_Your instructions_
Transcribe the data in full and exactly, omitting any pictures.

_Data excerpt_
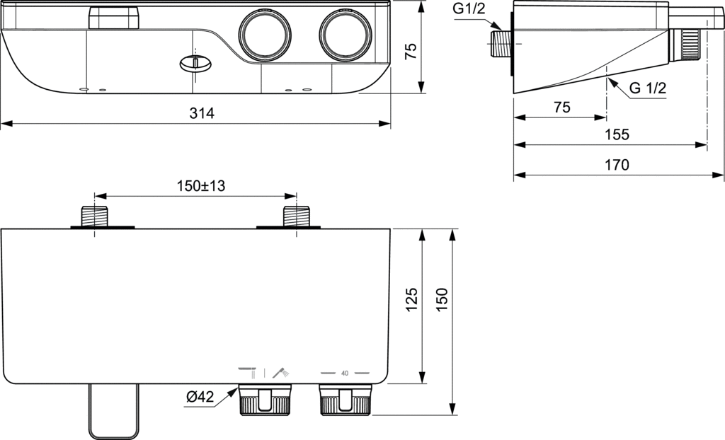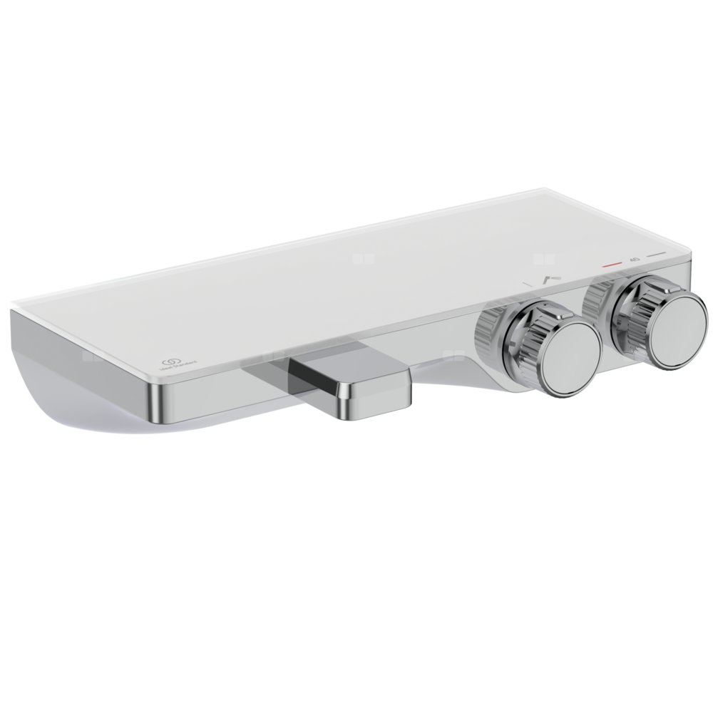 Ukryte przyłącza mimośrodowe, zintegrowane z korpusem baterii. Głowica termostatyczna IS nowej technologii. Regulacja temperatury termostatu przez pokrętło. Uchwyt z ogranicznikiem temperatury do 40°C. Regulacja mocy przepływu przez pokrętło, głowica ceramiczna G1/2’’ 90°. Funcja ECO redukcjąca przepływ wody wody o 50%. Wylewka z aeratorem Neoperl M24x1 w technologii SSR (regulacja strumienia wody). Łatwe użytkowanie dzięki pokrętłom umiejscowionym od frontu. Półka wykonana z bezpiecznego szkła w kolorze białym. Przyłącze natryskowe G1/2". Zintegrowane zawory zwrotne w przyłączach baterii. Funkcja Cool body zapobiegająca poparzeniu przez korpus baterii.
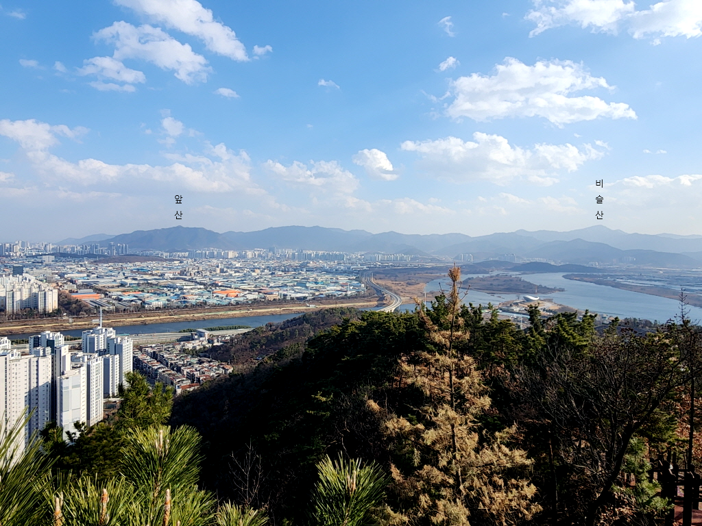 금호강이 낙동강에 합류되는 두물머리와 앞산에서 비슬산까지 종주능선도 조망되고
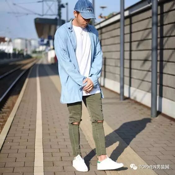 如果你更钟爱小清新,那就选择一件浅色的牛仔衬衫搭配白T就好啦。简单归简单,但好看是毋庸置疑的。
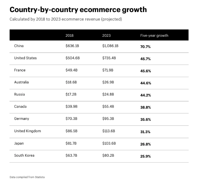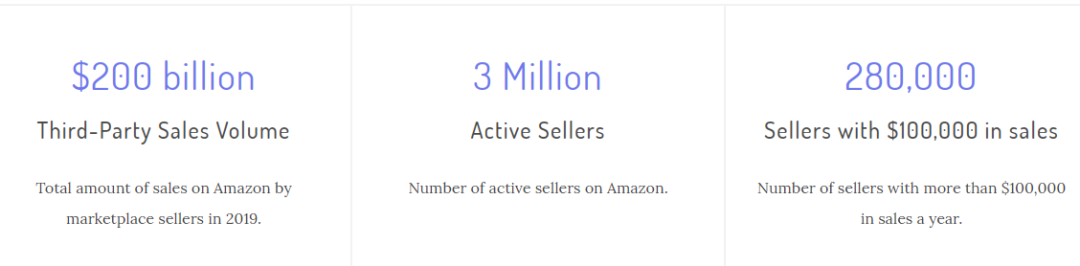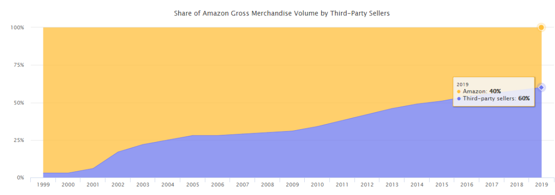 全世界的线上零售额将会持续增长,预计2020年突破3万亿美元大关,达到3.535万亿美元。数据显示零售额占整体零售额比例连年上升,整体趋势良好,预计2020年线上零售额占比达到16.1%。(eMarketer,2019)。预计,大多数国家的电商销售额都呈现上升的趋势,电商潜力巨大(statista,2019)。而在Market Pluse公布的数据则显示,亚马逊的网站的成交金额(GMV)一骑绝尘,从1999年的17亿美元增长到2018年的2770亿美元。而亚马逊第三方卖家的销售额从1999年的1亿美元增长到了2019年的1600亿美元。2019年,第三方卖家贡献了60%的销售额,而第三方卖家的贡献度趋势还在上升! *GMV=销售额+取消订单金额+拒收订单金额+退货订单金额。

_Result_
 Ukryte przyłącza mimośrodowe, zintegrowane z korpusem baterii. Głowica termostatyczna IS nowej technologii. Regulacja temperatury termostatu przez pokrętło. Uchwyt z ogranicznikiem temperatury do 40°C. Regulacja mocy przepływu przez pokrętło, głowica ceramiczna G1/2’’ 90°. Funcja ECO redukcjąca przepływ wody wody o 50%. Wylewka z aeratorem Neoperl M24x1 w technologii SSR (regulacja strumienia wody). Łatwe użytkowanie dzięki pokrętłom umiejscowionym od frontu. Półka wykonana z bezpiecznego szkła w kolorze białym. Przyłącze natryskowe G1/2". Zintegrowane zawory zwrotne w przyłączach baterii. Funkcja Cool body zapobiegająca poparzeniu przez korpus baterii.
 금호강이 낙동강에 합류되는 두물머리와 앞산에서 비슬산까지 종주능선도 조망되고
 如果你更钟爱小清新,那就选择一件浅色的牛仔衬衫搭配白T就好啦。简单归简单,但好看是毋庸置疑的。
 全世界的线上零售额将会持续增长,预计2020年突破3万亿美元大关,达到3.535万亿美元。数据显示零售额占整体零售额比例连年上升,整体趋势良好,预计2020年线上零售额占比达到16.1%。(eMarketer,2019)。预计,大多数国家的电商销售额都呈现上升的趋势,电商潜力巨大(statista,2019)。而在Market Pluse公布的数据则显示,亚马逊的网站的成交金额(GMV)一骑绝尘,从1999年的17亿美元增长到2018年的2770亿美元。而亚马逊第三方卖家的销售额从1999年的1亿美元增长到了2019年的1600亿美元。2019年,第三方卖家贡献了60%的销售额,而第三方卖家的贡献度趋势还在上升! *GMV=销售额+取消订单金额+拒收订单金额+退货订单金额。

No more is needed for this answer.